Difference in variance Gibbs (R,C++) vs HMC (Stan) for simple normal gamma model

Hi all!

I am new to stan so apologies if this is a stupid question. In order to learn more about bayesian computing I implemented a simple independent normal gamma model (as described in Koop’s Bayesian Econometrics, which is used in my school) in R, C++ and stan. I get the same results in R and C++ (unsurprisingly since I just ported the code) but the variance of the prediction is much lower in Stan. Could this be due to the difference of HMC vs Gibbs samplers or am I doing something wrong? Please find attached the stan model (“iNG.stan”), the Gibbs sampler in C++ (“gibbsOnly.cpp”) and the runfile in R (“iNG.r”)
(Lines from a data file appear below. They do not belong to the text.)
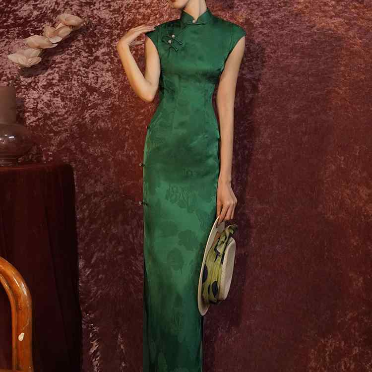 レディース チャイナドレス ロング 緑 グリーン 黄色 ハイスリット 立ち襟 斜めラベル 中華スタイル ジャカード 植物柄 レトロ クラシック エレガント 優雅 スリム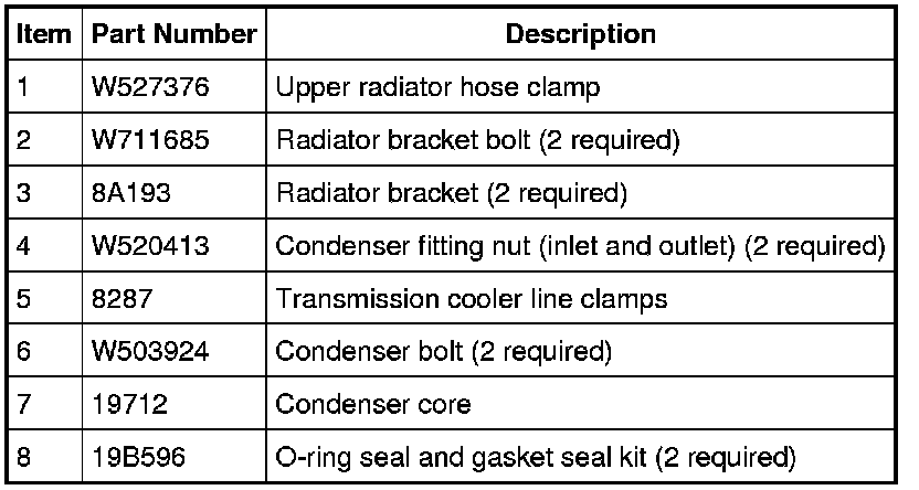 10. Release the 2 transmission cooler line clamps and disconnect the lines from the condenser core.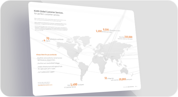 阀阀 Global Customer Services. For perfect customer service. With our global network, and by using the latest means of communication, we can o昀昀er our customers the outstanding service of a global market leader. Speed, reliability and professionalism are essential in guaranteeing e昀昀icient produc- tion processes – throughout the entire life cycle of your automation solution. For this reason, we take an open-minded approach to your specific and individual re- 9,500 di昀昀erent parts in stock quirements. In addition to our experience from everyday operations and findings from research and development, feedback from our customers also helps us to deliver the 1,100 deliveries per week best service possible. More than 250,000 70 subsidiaries worldwide industrial robots on the market in 4 regions Always there for you worldwide: � Qualified and excellently trained service technicians & programmers �Certified and standardized Colleges � Global infrastructure and regional hubs for rapid spare parts supply �24/7 professional support 51 College sites Find the right contact person – with more than 19,000 participants we will be happy to help you: www.阀阀.com/customer-service Over 1,400 employees in Customer Service Product portfolio_Global Customer Services 174_175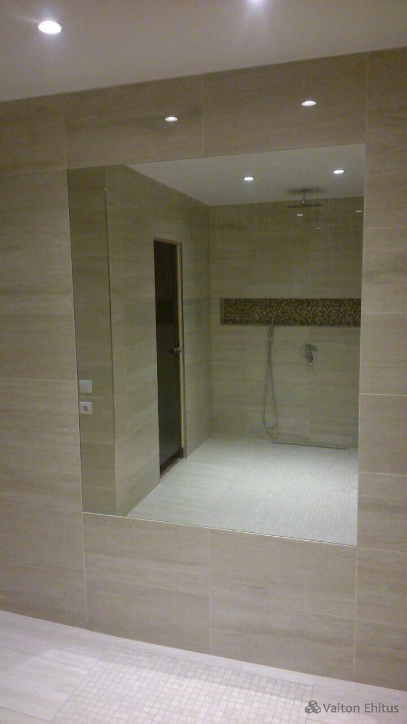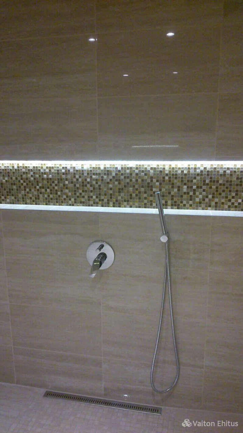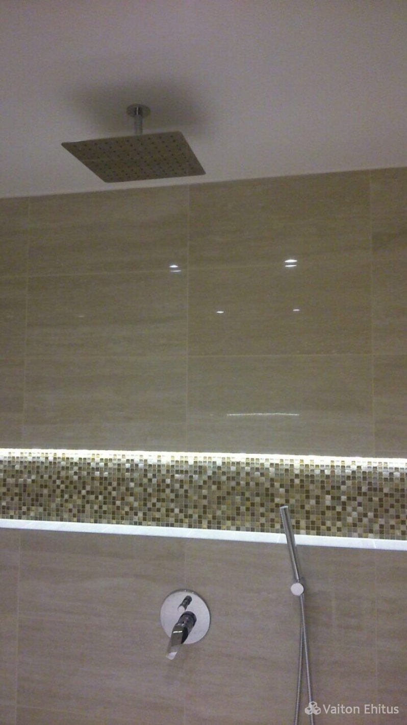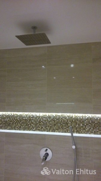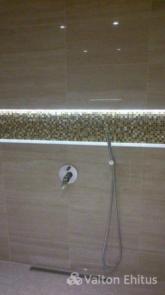 В ходе проекта стены душевой комнаты были обшиты кафельной плиткой по проекту заказчика со встроенной декоративной подсветкой в керамическом канте в стене. Установлены все необходимые водяные коммуникации в душевой.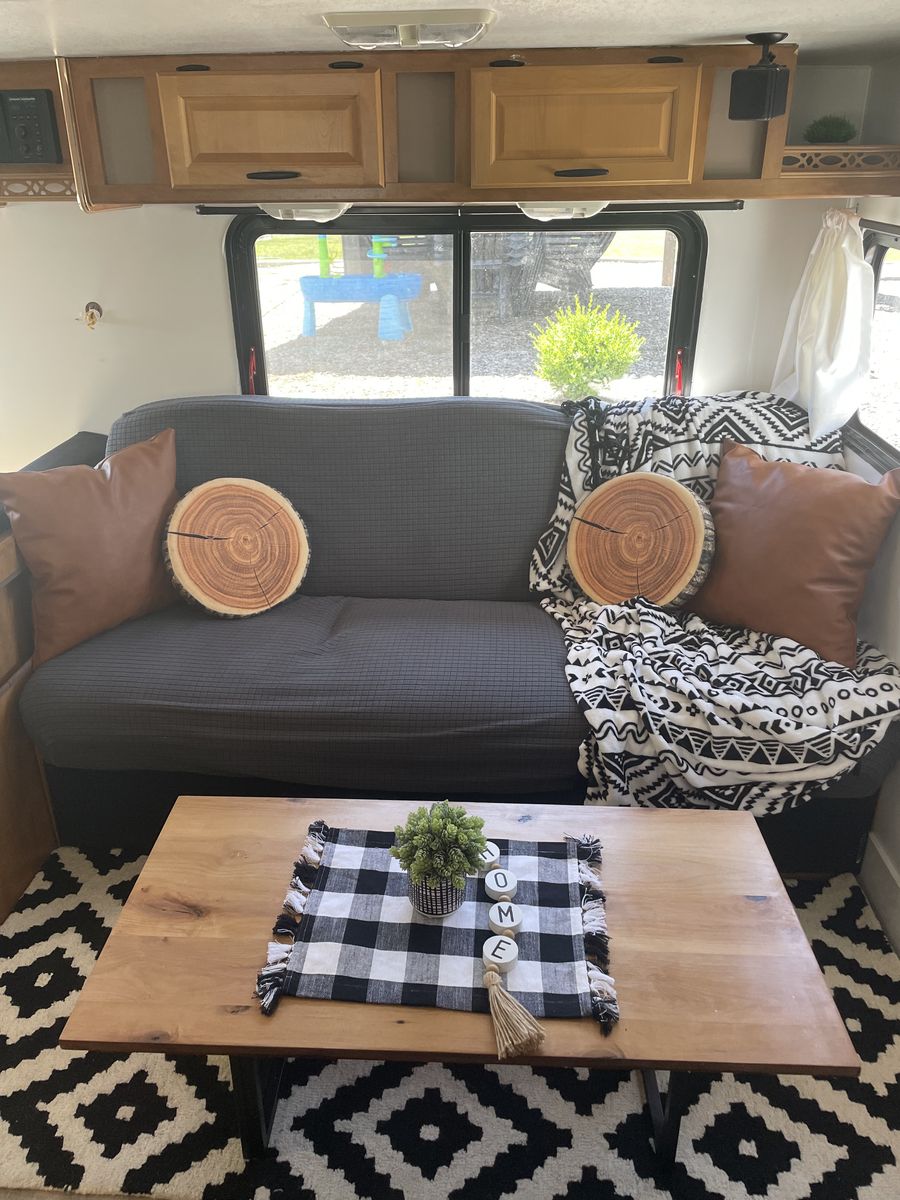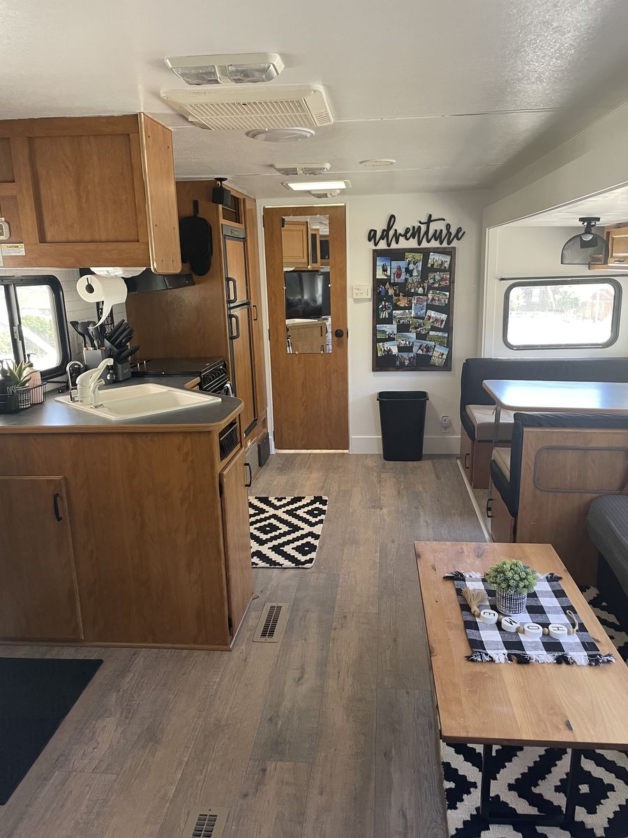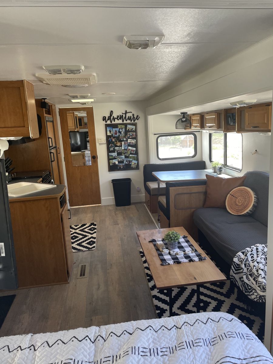 VenmoCompletely remodeled inside that has a modern design on it. 27ft long with 1 slide out that makes it as roomy as it can be. Around 6,000-7,000 pounds.

Thank you very much for your help!

Daniel

EDIT: Corrected files (sd instead of var)

gibbsOnly.cpp (1.6 KB)
iNG.r (2.6 KB)
iNG.stan (663 Bytes)

Hi Daniel,

I’ve had this similar question myself: Is it fair to say that Stan consists of a ‘library of validated inference algorithms’?

Following the recommendation of @bgoodri you may want to start here - [Validation of Software for Bayesian Models Using Posterior Quantiles, Cook et al.]: https://amstat.tandfonline.com/doi/abs/10.1198/106186006X136976

1 Like

Cook et al has severe limitations. We currently recommend using the more robust method introduced in https://arxiv.org/abs/1804.06788.

It’s difficult to comment without knowing much more detail. In particular, did any of Stan’s diagnostics indicate problems as described in https://betanalpha.github.io/assets/case_studies/rstan_workflow.html?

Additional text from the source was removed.